The chairman said the negative propaganda had been attributed to a number of possible objectives, saying that one objective may be to set the stage for upturning the judgment of the Supreme Court through the back door, by immediately setting up the returnees for "disciplinary action and proper fair hearing this time around", as had been threatened from within the university immediately after the judgment of the court.
"However, the obvious prejudicial environment of such a hypothetic course of action can still be problematic. The back door route may also be used to deny the returning lecturers some of their rights, if some of the lawyer's insinuations are interpreted correctly. He even went on to insinuate special assessment criteria and additional 'conditions' for the elevation of the returning lecturers."
Another prime target of this sudden media blitz, he said might be the outstanding case of the remaining 44 sacked lecturers. He said the thinking might be that, by continuing the negative branding of the lecturers, even after their reinstatement, it might be possible to prejudice the Supreme Court Justices against those who were yet to be reinstated. "Again, however, this can only be a futile effort too, as we do not believe that the eminent justices can be swayed by such skewed media propaganda."
Olanipekun accused the university of "showing its hand too soon in this prejudicial campaign." Although the institution's head had maintained a public silence on the issue he said, the spokesperson and lawyer have made public statements that were clearly prejudicial and were mutually reinforcing.

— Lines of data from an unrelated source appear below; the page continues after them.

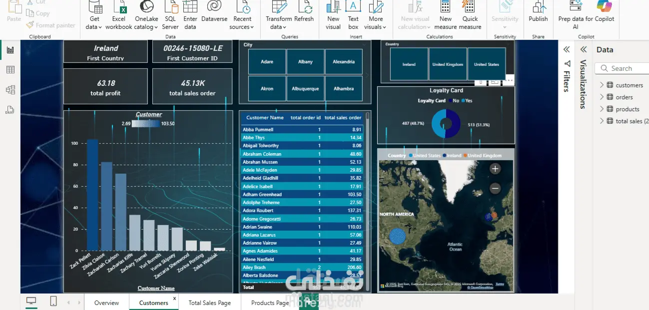 خلال هذا المشروع، قمت بتطوير تقرير تفاعلي لتحليل بيانات مبيعات القهوة، بدءًا من تنظيم البيانات في Excel وحتى تصميم لوحة معلومات شاملة في Power BI لدعم اتخاذ القرار. ? خطوات العمل: 1️⃣ تجهيز البيانات في Excel: تم استخدام ملف يحتوي على أربع جداول رئيسية: orders: تفاصيل الطلبات (التاريخ، العميل، المنتج، السعر...). customers: معلومات العملاء. products: بيانات المنتجات (الحجم، النوع، السعر، الربحية). total sales: ملخص شهري للمبيعات حسب نوع القهوة. 2️⃣ استيراد البيانات إلى Power BI: استيراد الجداول باستخدام Power Query. إنشاء العلاقات بين الجداول (Customer ID وProduct ID). التعامل مع جدول المبيعات المجملة كجدول مستقل. 3️⃣ إنشاء المقاييس باستخدام DAX: إجمالي المبيعات (Total Sales) عدد الطلبات عدد العملاء متوسط السعر والربحية أعلى المنتجات أداءً 4️⃣ تصميم صفحات التقرير التفاعلي: Overview (نظرة عامة): ملخص شامل يوضح أهم المؤشرات (المبيعات، العملاء، الطلبات، الأداء الشهري، الدول، أنواع القهوة). Customers (العملاء): تحليل تفاعلي لسلوك العملاء، أعلى العملاء من حيث الشراء، توزيع Loyalty Card، وعدد الطلبات لكل عميل. Products (المنتجات): مقارنة بين المنتجات من حيث الربحية والسعر والحجم، وتحليل حسب Roast Type. Total Sales (المبيعات الشهرية): تحليل الأداء عبر الزمن باستخدام الرسوم البيانية والخطية والمصفوفات.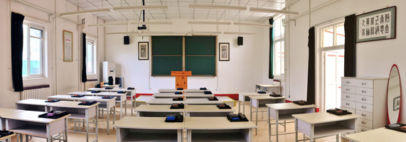 教學區的書法教室里,窗明幾凈,室內為大家配備了空調暖氣設備,以便學員在不同季節都能舒適地學習。同時教室裝有先進的多媒體教學設備,為大家提供豐富多元的書法教學。懸掛于講臺兩側的孔老夫子像,給教室帶來濃厚而莊嚴的敬學氣氛。墻壁兩側,楊淑芬老師親筆書寫的墨寶「感恩與祈盼」以及「八榮八恥」,如同老師的諄諄誨勉,鼓勵著學子們德藝雙修。在干凈整潔的課桌上,整齊地擺放著大家學習用的文房四寶,墨香縈繞。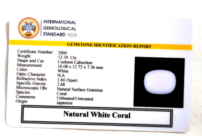 Beautiful 12.39 Cts Natural White Coral (AAA+-Mines) sva 13+ Ratti CORAL. Free Horoscope & Free Pundit Ji Astrological Advise / Consultation. Original Natural Lab certified gems by IGI GTL / Birth stones / Large Gem Selection of shree shubh Rashi Ratan Vedic dhan at Gem Mines. May Bhagwan Brahma, Vishnu, Shiv & Universe bless you.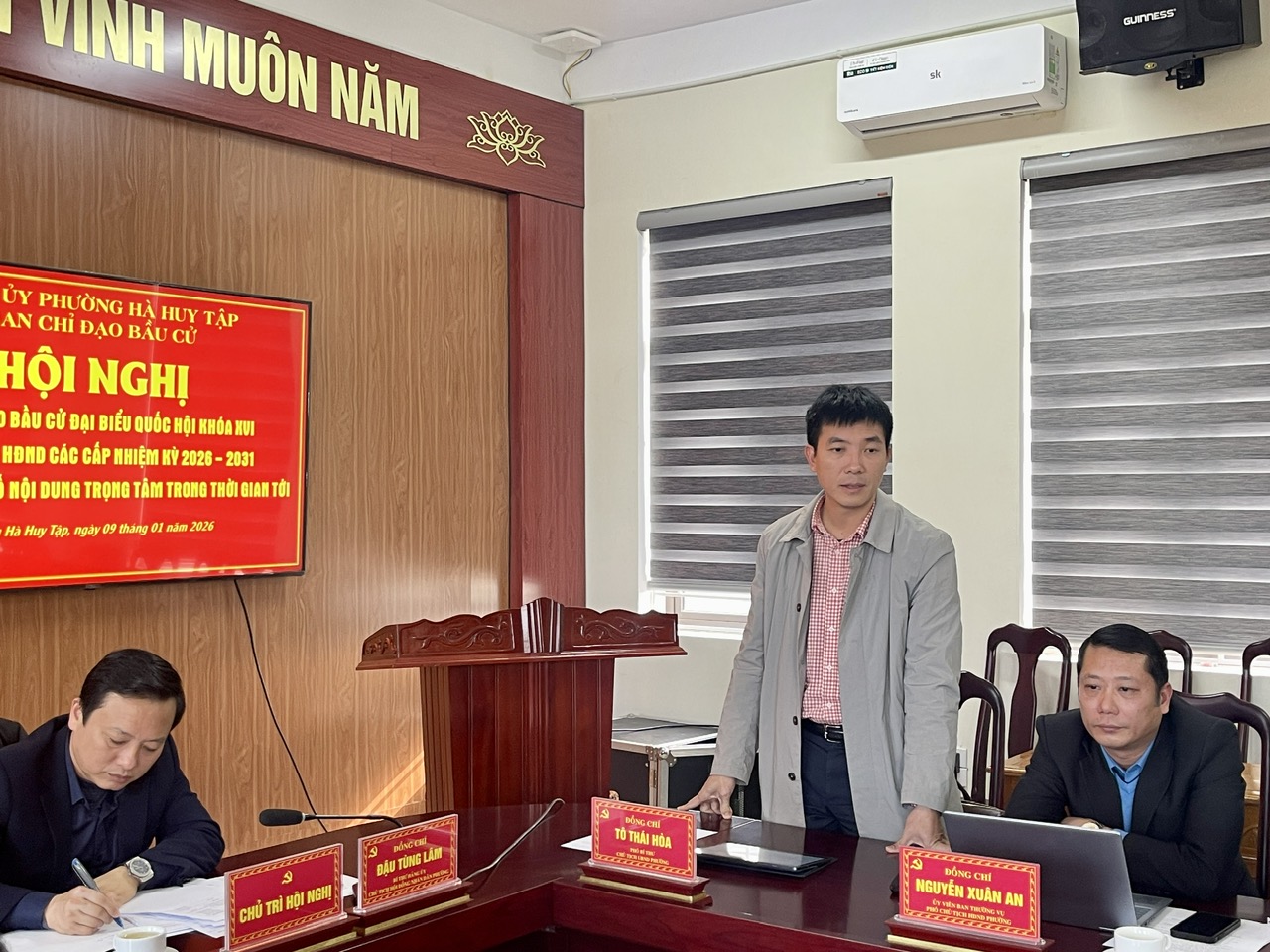 Phát biểu kết luận hội nghị, đồng chí Đậu Tùng Lâm, Bí thư Đảng ủy, Chủ tịch HĐND, Chủ tịch Ủy ban Bầu phường phường yêu cầu Ban Chỉ đạo bầu cử, Ủy ban bầu cử phường và các đơn vị liên quan tập trung thực hiện tốt một số nhiệm vụ trọng tâm trong thời gian tới. Trong đó, cần khẩn trương xây dựng dự toán kinh phí phục vụ bầu cử bảo đảm đúng quy định; tổ chức tập huấn nghiệp vụ cho các thành viên ban bầu cử, tổ bầu cử; thực hiện đầy đủ các bước hiệp thương, giới thiệu người ứng cử theo đúng trình tự, thời gian luật định. Làm tốt công tác rà soát, xác định chính xác số lượng cử tri dự kiến.

"For example", he said, the spokesperson was quoted as saying that 'the lawyer's statements remain the official position of the university', he said, the institution should give the rule of law a chance, as well as peace and reconciliation. The reinstated lecturers should promptly be given their monetary and non-monetary entitlements. Those who have opted to leave should be allowed to leave in peace, while those who choose to stay on at the university should be allowed to integrate smoothly and peacefully into the environment without any undue executive interference in the process or preemptive and prejudicial statements by the institution's spokesperson, its lawyers and 'sources close to the vice-chancellor."